Cosa successe, invece, dopo la pubblicazione del libro? Come in parte preconizzato da Cini e compagni, il quadro dei rapporti tra scienza e società cambiò gradualmente ma radicalmente con il rafforzarsi dei finanziamenti privati nel mondo della ricerca. Di lì a poco (a partire dai primi anni Ottanta) andò a formarsi quella che oggi viene chiamata tecnoscienza. Nei settori medico-farmaceutici, così come nelle biotecnologie e nell’informatica, si aprì una forte interpenetrazione con il mercato, che diventò da allora un attore ineliminabile nello scenario dei legami tra scienza e società. L’Ape e l’Architetto ha quindi la caratteristica unica di essere un libro che vive a cavallo di due epoche. Agli albori della tecnoscienza, ne intuisce sin da subito alcune caratteristiche. Ora che iniziamo a interrogarci sugli squilibri e le problematicità che questo sistema porta, è senza dubbio utile andare a rileggere un documento come questo, nato nel periodo di transizione tra Ieri e Oggi.

Riproporre a distanza di trentacinque anni un lavoro come L’Ape e l’Architetto, così indissolubilmente legato ai tempi in cui venne scritto, è una mossa editoriale audace ma sicuramente lodevole. Se il libro ha, come detto, un’importanza che potremmo definire “storica”, sarebbe tuttavia un errore quello di guardare oggi a L’Ape e l’Architetto solamente come a un feticcio intellettuale.

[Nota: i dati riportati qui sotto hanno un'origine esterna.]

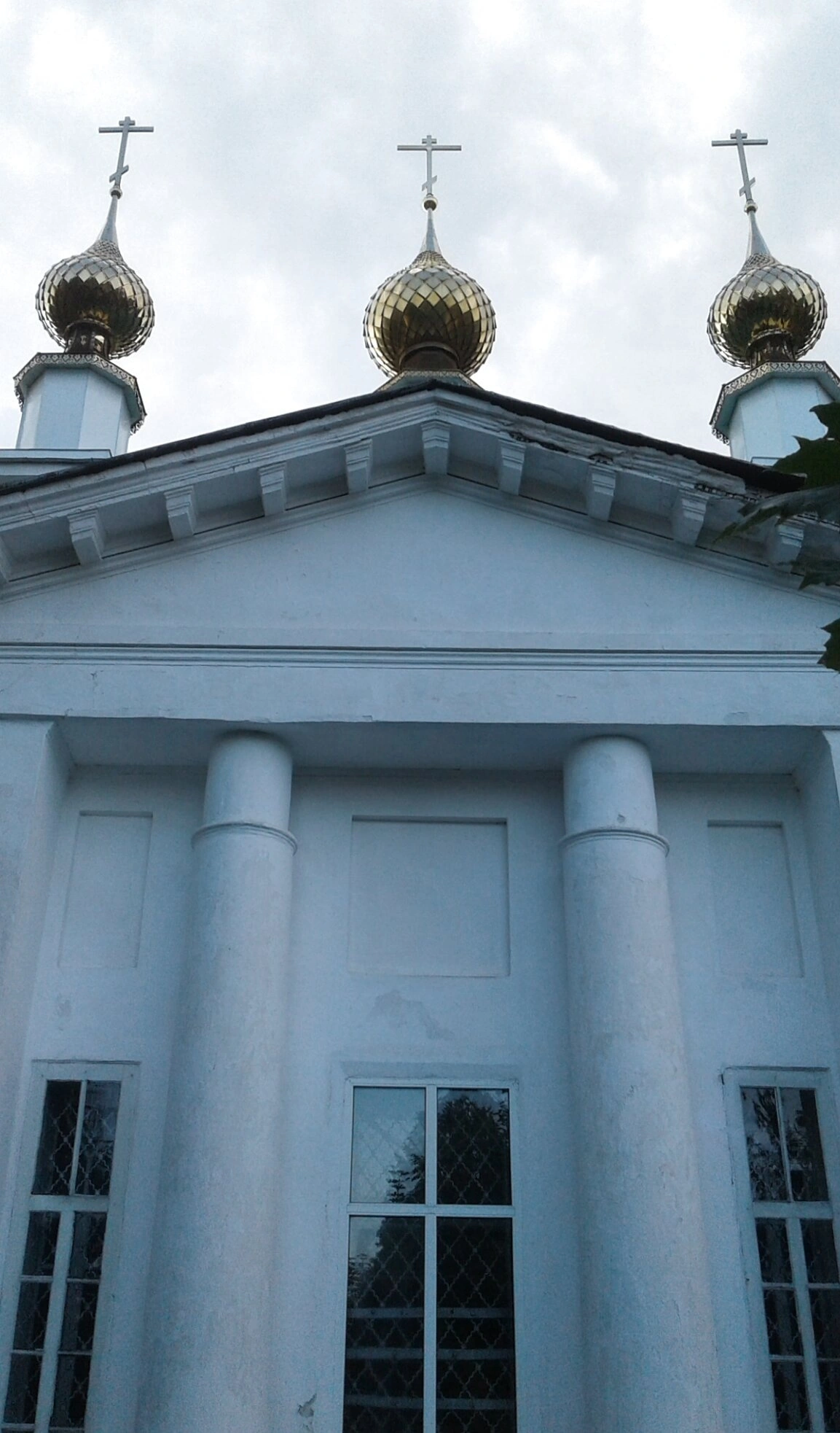 Светлый фасад храма выполнен в классическом стиле, с использованием колонн и пилястр, которые придают зданию монументальность и величие. Прямоугольные окна с решетчатыми переплётами пропускают внутрь обильный свет, создавая особую атмосферу для молитвенного сосредоточения. Снимок сделан снизу вверх, что подчёркивает высоту и устремлённость храма к небу, а также позволяет рассмотреть детали архитектуры верхней части здания.
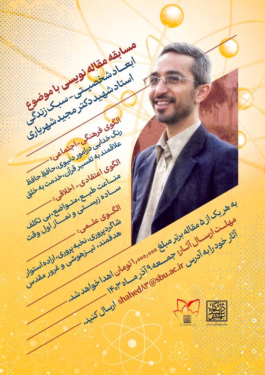 مسابقه مقاله نویسی با موضوع ابعاد شخصیتی- سبک زندگی استاد شهید دکتر مجید شهریاری
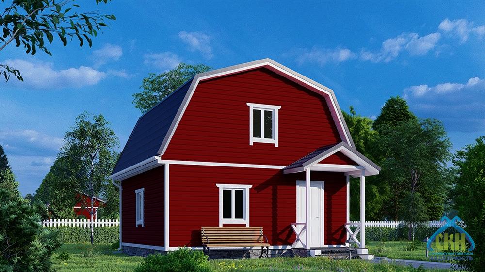 Каркасная дача отличается двухэтажной структурой и вместительными комнатами. Размер объекта —62,8 квадратных метра. Пространство для жизни составляет 38,8 квадрата. В доме 2 спальни. Гостиная с кухней создают открытую зону общения. Ломаный тип крыши создает неповторимый архитектурный стиль. Холл занимает 5,3 квадрата, в котором можно организовать дополнительную зону отдыха. Все материалы, применяемые при возведении, произведены из натурального дерева, что положительно влияет на микроклимат и экологию жилища. Это идеальное место для загородного домохозяйства, где найдётся уголок для каждого — от детской площадки до мастерской.
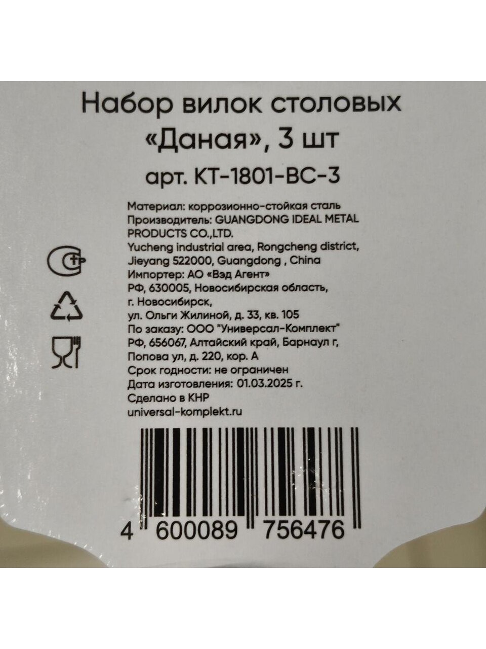 Вы можете приобрести «Вилка нержавеющая сталь, 3 предмета, столовая, Катунь, Даная, КТ-1801-ВС-3, 1,8 мм на подвесе» и другие товары в нашем интернет-магазине в Таганроге по низким ценам и с бесплатным самовывозом.
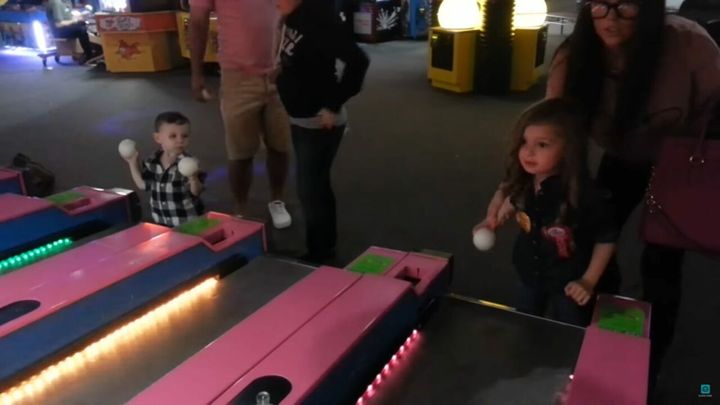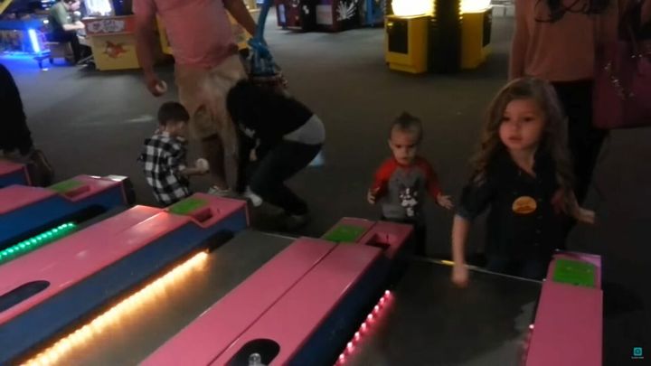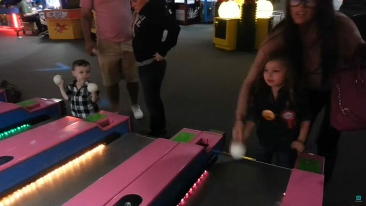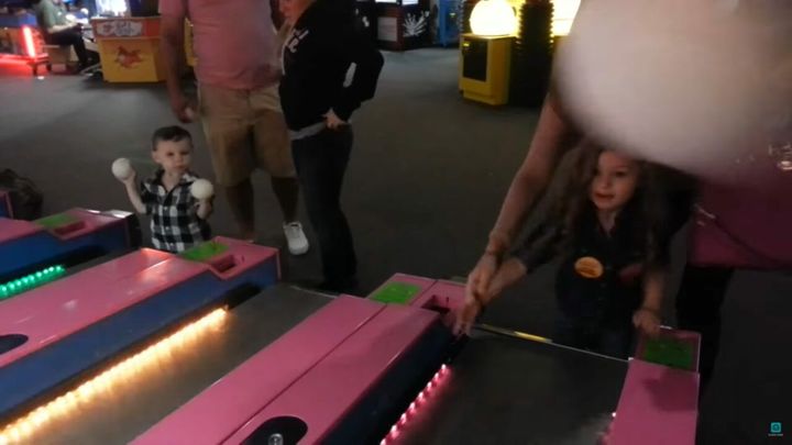 3. スキーボールで遊ぶ女の子。上手くボールを投げられないのでママがアシストに入ったら・・、むしろ大惨事に!!
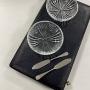 Dimensions: dishes 10cm in diameter, knives 11cm long, box 30cm x 16cm
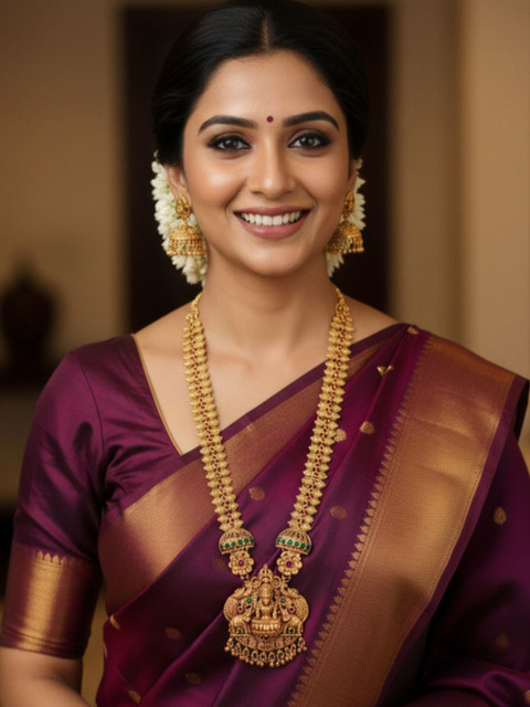 Gold-plated temple necklace has artificial stone-studded and beaded detail
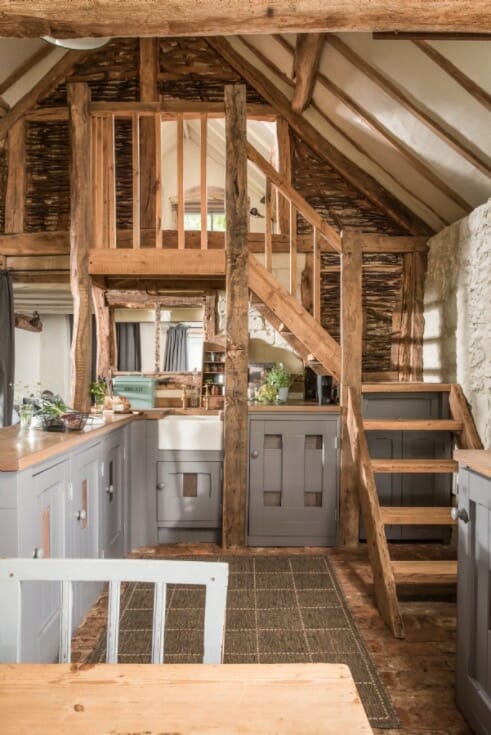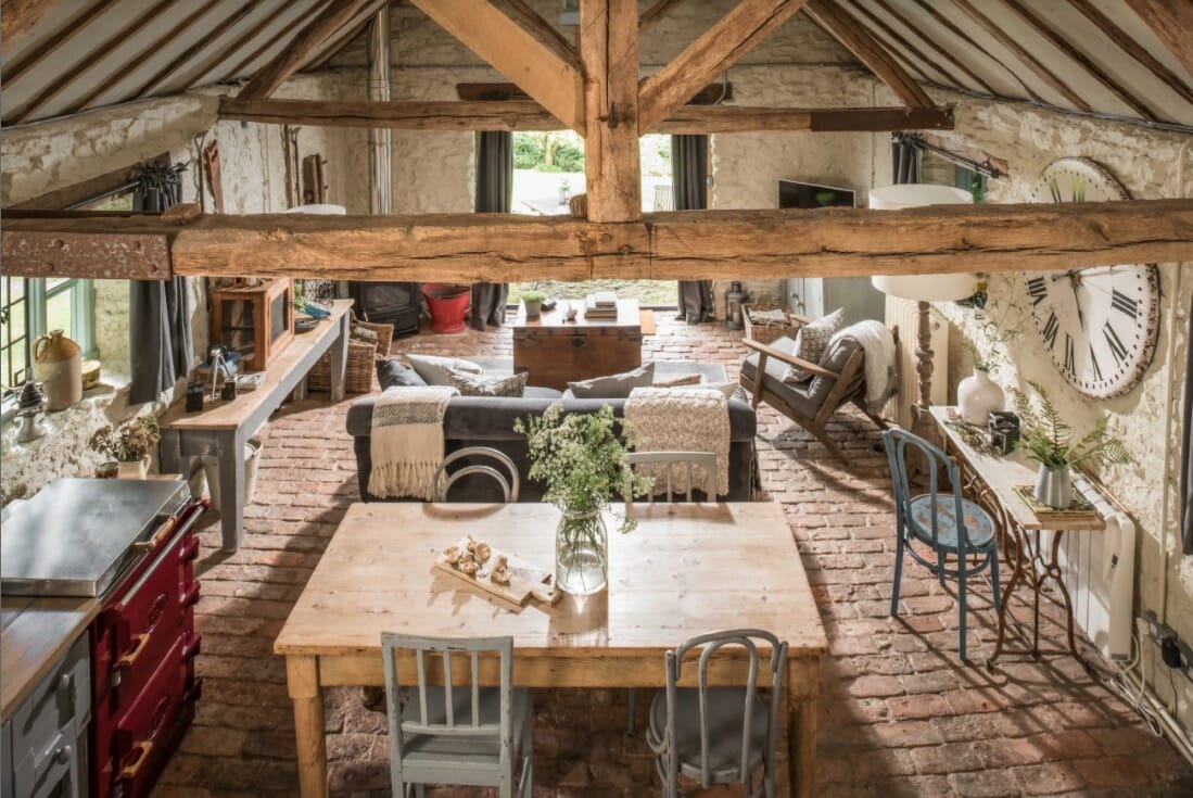 Meyve ağaçları ve balık havuzunun arasında 1400’lü yıllardan kalma, ilk olarak ahır olarak inşa edilmiş ‘Wishbone’ ismindeki kır evi görenleri şaşkına çeviriyor.
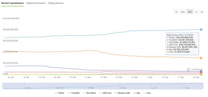 O mercado de stablecoin tem uma capitalização de cerca de US$ 131,6 bilhões. Dados da CoinGecko mostram que o Tether lidera a lista com US$ 81,1 bilhões, seguido pelo USDC e BUSD. A TrueUSD ocupa o quinto lugar com uma capitalização de US$ 2,04 bilhões após um surto de crescimento exponencial nos últimos dois meses. A DAI da MakerDao ocupa o quarto lugar com US$ 4,7 bilhões.
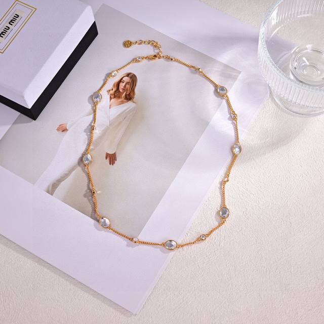 香 25A圆环双C字母琥珀色水钻字母项链...
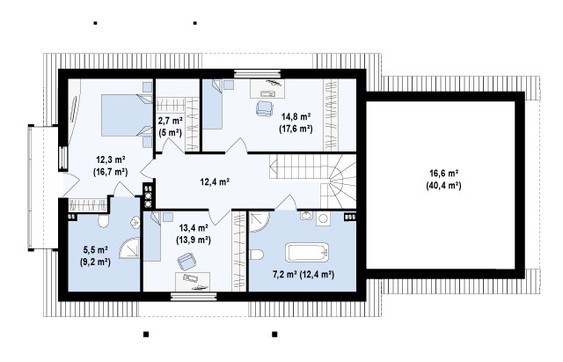 Три просторные спальни вынесены на второй этаж. Это уютное пространство дополняют ванная комната с прачечной и небольшая гардеробная общего пользования. А, кроме того, в самой большой спальне спроектирована еще одна ванная и предусмотрен выход на балкон.
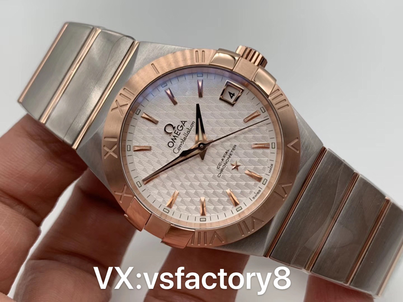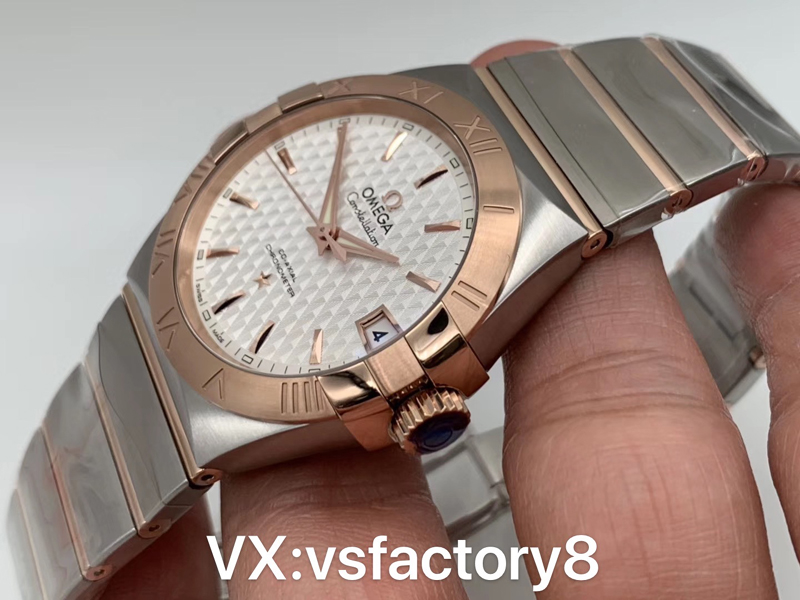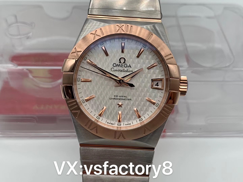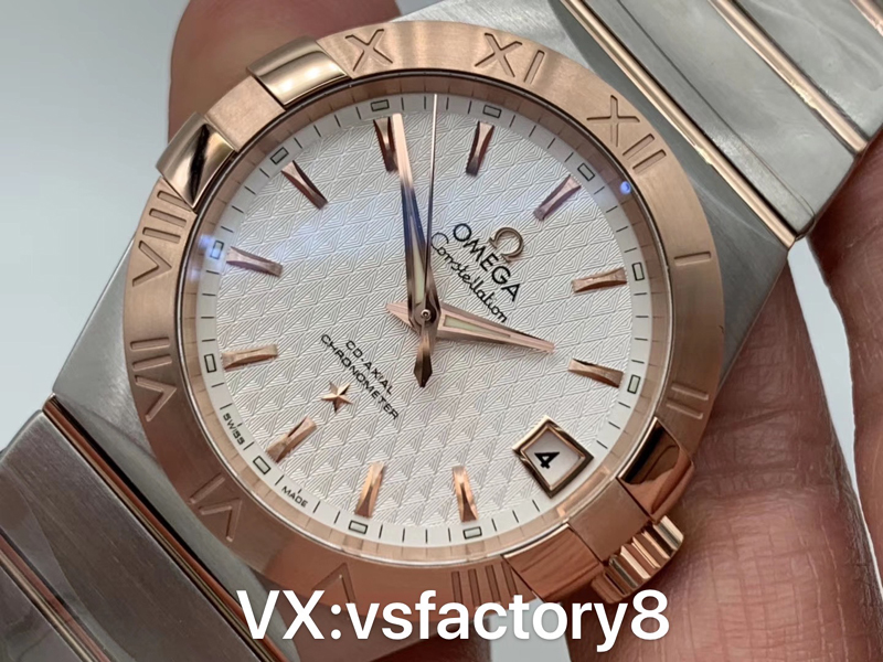 VS廠官網2019年新品歐米茄間玫格紋條釘白面星座才是歐米茄的精髓。

Al netto dei tanti passaggi legati a un'epoca ormai tramontata, il merito maggiore che va riconosciuto agli autori è infatti quello d’aver affrontato temi importanti e troppo spesso ignorati, sviluppando ragionamenti che si sarebbero rivelati fallaci o lungimiranti a seconda dei casi, ma ponendosi comunque prima di altri domande assolutamente rilevanti sulla scienza e sui contesti che la determinano. Dopo Cini, in pochi in Italia hanno seguito il tentativo di indagare i rapporti tra i meccanismi di produzione scientifica e quelli di organizzazione sociale. Pochissimi tra scienziati e ricercatori. 

Oggi, soprattutto nel nostro paese - ci sembra - assistiamo a una recrudescenza di quello scientismo che il libro aveva all’epoca così lucidamente criticato. Molti saggi e articoli sul tema cedono nuovamente alla tentazione di considerare le scienze naturali e i loro metodi di investigazione come veri in assoluto, uno specchio neutro della realtà, nonché portatori indiscutibili di progresso e democrazia. Riproporre a distanza di trentacinque anni un lavoro come L’Ape e l’Architetto è allora una mossa editoriale audace ma lodevole, e forse addirittura necessaria, che ci fa ricordare nel giorno della sua scomparsa la lucidità e l'audacia intellettuale di Marcello Cini.